Search code examples
databasearchitectureduplicatessystem-designapplication-design

Customer Deduplication in Booking Application


We have a booking system where dozens of thousands of reservations are done every day. Because a customer can create a reservation without being logged in, it means that for every reservation a new customer id/row is created, even if the very same customer already have reserved in the system before. That results in a lot of customer duplicates.

The engineering team has decided that, in order to deduplicate the customers, they will run a nightly script, every day, which checks for this duplicates based on some business rules (email, address, etc). The logic for the deduplication then is:

  • If a new reservation is created, check if the (newly created) customer for this reservation has already an old customer id (by comparing email and other aspects).
  • If it has one or more old reservations, detach that reservation from the old customer id, and link it to a new customer id. Literally by changing the customer ID of that old reservation to the newly created customer.

I don't have a too strong technical background but this for me smells like terrible design. As we have several operational applications relying on that data, this creates a massive sync issue. Besides that, I was hoping to understand why exactly, in terms of application architecture, this is bad design and what would be a better solution for this problem of deduplication (if it even has to be solved in "this" application domain).

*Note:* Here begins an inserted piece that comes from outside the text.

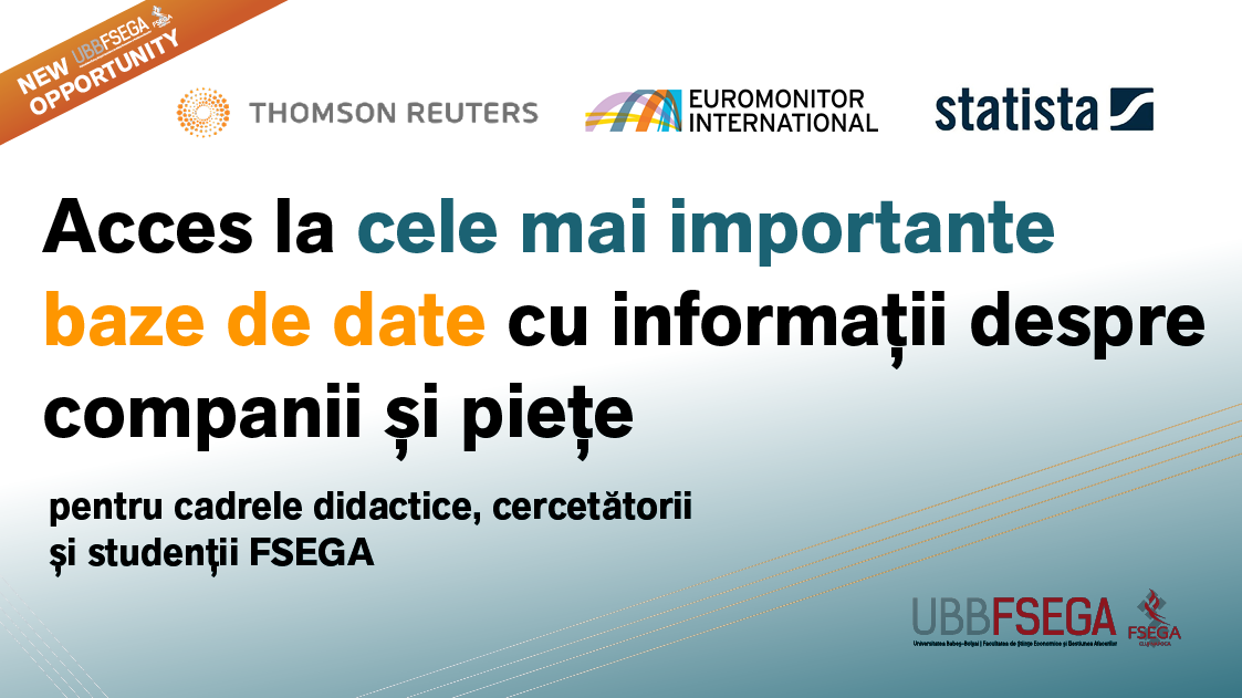 FSEGA provides all its teachers, researchers and students with access to the most important databases comprising information on companies and markets: Thomson Reuters Eikon, Euromonitor International Passport and Statista. The access represents a first for a Romanian faculty and provides the informational infrastructure needed to increase the quality of scientific research and educational processes within FSEGA.

I would appreciate very much any help so I can drive the engineering team to the right direction.


Solution

  • In General

    What's the problem you're trying to solve? Free-up disk space, get accurate analytics of user behavior or be more user friendly?

    It feels a bit risky, and depends on how critical it is that you get the re-matching 100% correct. You need to ask "what's the worst that can happen?" and "does this open the system to abuse" - not because you should be paranoid, but because to not think that through feels a bit negligent. E.g. if you were a govt department matching private citizen records then that approach would be way too cavalier.

    If the worst that can happen is not so bad, and the 80% you get right gets you the outcome you need, then maybe it's ok.

    If there's not a process for validating the identity of the user then by definition your customer id/row is storing sessions, not Customers.

    In terms of the nightly job - If your backend system is an old legacy system then I can appreciate why a nightly batch job might be the easiest option; that said, if done correctly and with the right architecture, you should be able to do that check on the fly as needed.

    Specifics

    ...check if the (newly created) customer for this reservation has already an old customer id (by comparing email...

    Are you validating the email - e.g. by getting users to confirm it through a confirmation email mechanism? If yes, and if email is a mandatory field, then this feels ok, and you could probably use the email exclusively.

    ... and other aspects.

    What are those? Sometimes getting more data just makes it harder unless there's good data hygiene in place. E.g. what happens if you're checking phone numbers (and other data) and someone does a typo on the phone number which matches with some other customer - so you simultaneously match with more than one customer?

    If it has one or more old reservations, detach that reservation from the old customer id, and link it to a new customer id. Literally by changing the customer ID of that old reservation to the newly created customer.

    Feels dangerous. What happens if the detaching process screws up? I've seen situations where instead of updating the delta, the system did a total purge then full re-import... when the second part fails the entire system is blank. It's not your exact situation but you are creating the possibility for similar types of issue.

    As we have several operational applications relying on that data, this creates a massive sync issue.

    ...case in point.

    In your case, doing the swap in a transaction would be wise. You may want to consider tracking all Cust ID swaps so that you can revert if something goes wrong.

    Option - Phased Introduction Based on Testing

    You could try this:

    1. Keep the system as-is for now.
    2. Add the logic which does the checks you are proposing, but have it create trial data on the side - i.e. don't change the real records, just make a copy that is what the new data would be. Do this in production - you'll get a way better sample of data.
    3. Run extensive tests over the trial data, looking for instances where you got it wrong. What's more likely, and what you could consider building, is a "scoring" algorithm. If you are checking more than one piece of data then you'll get different combinations with different likelihood of accuracy. You can use this to gauge how good your matching is. You can then decide in which circumstances it's safe to do the ID switch and when it's not.
    4. Once you're happy, implement as you see fit - either just the algorithm & result, or the scoring harness as well so you can observe its performance over time - especially if you introduce changes.

    Alternative Customer/Session Approach

    1. Treat all bookings (excluding personal details) as bookings, with customers (little c, i.e. Sessions) but without Customers.
    2. Allow users to optionally be validated as "Customers" (big C).
    3. Bookings created by a validated Customer then link to each other. All bookings relate to a customer (session) which never changes, so you have traceability.

    I can tweak the answer once I know more about what problem it is you are trying to solve - i.e. what your motivations are.